If you head out to one of Minnesota’s many lakes or rivers to ice fish, snowmobile, ATV, cross-country ski, or just to enjoy a winter day, we want you to have fun and be safe. A bit of advance planning and practicing basic ice precautions can help you return home safely.
“As we hear reports of people going through the ice around the state, we'd like to remind everyone to be cautious and prepared as they venture out on the frozen water,” said Sheriff Luke Hennen.
According to the Minnesota Department of Natural Resources (MN DNR), there really is no sure answer as to when ice is safe. You cannot judge the strength of ice by one factor like its appearance, age, thickness, temperature or whether the ice is covered with snow. Ice strength is based on a combination of several factors, can vary from water body to water body, and in different areas of the same body of water. Depth of water under the ice, size of the water body, water chemistry and currents, the distribution of the load on the ice, and local climatic conditions all factor into determining ice safety in Minnesota.

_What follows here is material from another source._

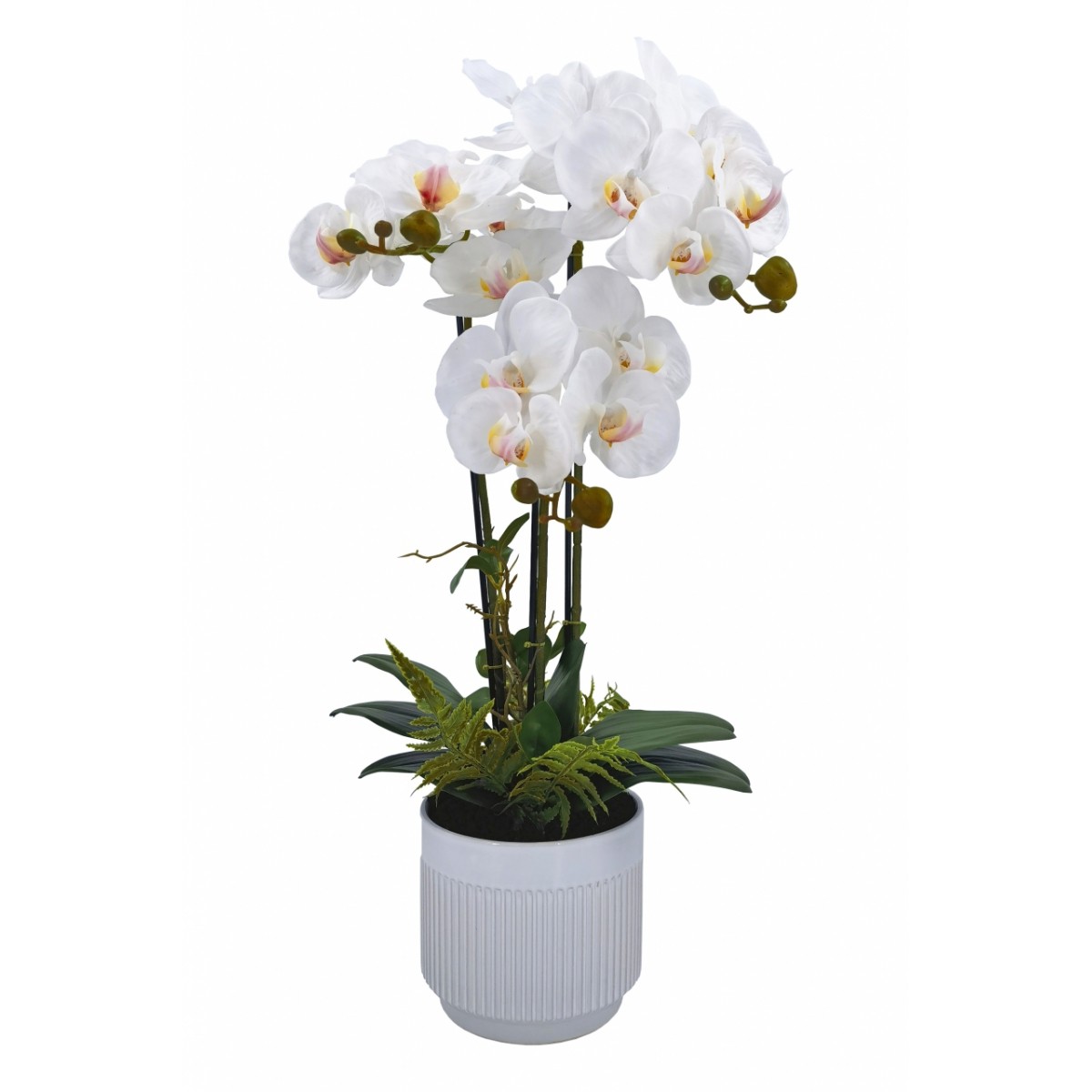 Entre las características técnicas de la Planta PHALENOPSIS 70 se encuentran sus tallos altos y robustos, que sostienen una abundancia de flores exuberantes. Fabricada con materiales de alta calidad, la maceta presenta un acabado liso y brillante en color blanco, con un diseño estriado que añade textura y profundidad. Las hojas en un verde intenso, junto con la vegetación adicional que acompaña a la orquídea, completan la composición, ofreciendo un aspecto natural y vibrante.
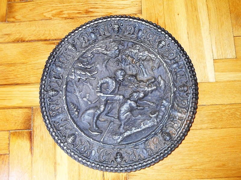 СТАРАЯ БОЛЬШАЯ ЧУГУННАЯ ТАРЕЛКА СЦЕНА ОХОТЫ ПОГОЙКА Погоня Чугун

Please keep these ice safety tips from the MN DNR in mind when you head out on the frozen water:
- New ice is usually stronger than old ice. Four inches of clear, newly-formed ice may support one person on foot, while a foot or more of old, partially-thawed ice may not.
- Ice seldom freezes uniformly. It may be a foot thick in one location and only an inch or two just a few feet away.
- Ice formed over flowing water and currents is often dangerous. This is especially true near streams, bridges and culverts. Also, the ice on outside river bends is usually weaker due to the undermining effects of the faster current.
- The insulating effect of snow slows down the freezing process. The extra weight also reduces how much weight the ice sheet can support. Also, ice near shore can be weaker than ice that is farther out.
- Booming and cracking ice isn't necessarily dangerous. It only means that the ice is expanding and contracting as the temperature changes.
- Schools of fish or flocks of waterfowl can also adversely affect the relative safety of ice. The movement of fish can bring warm water up from the bottom of the lake. In the past, this has opened holes in the ice causing snowmobiles and cars to break through.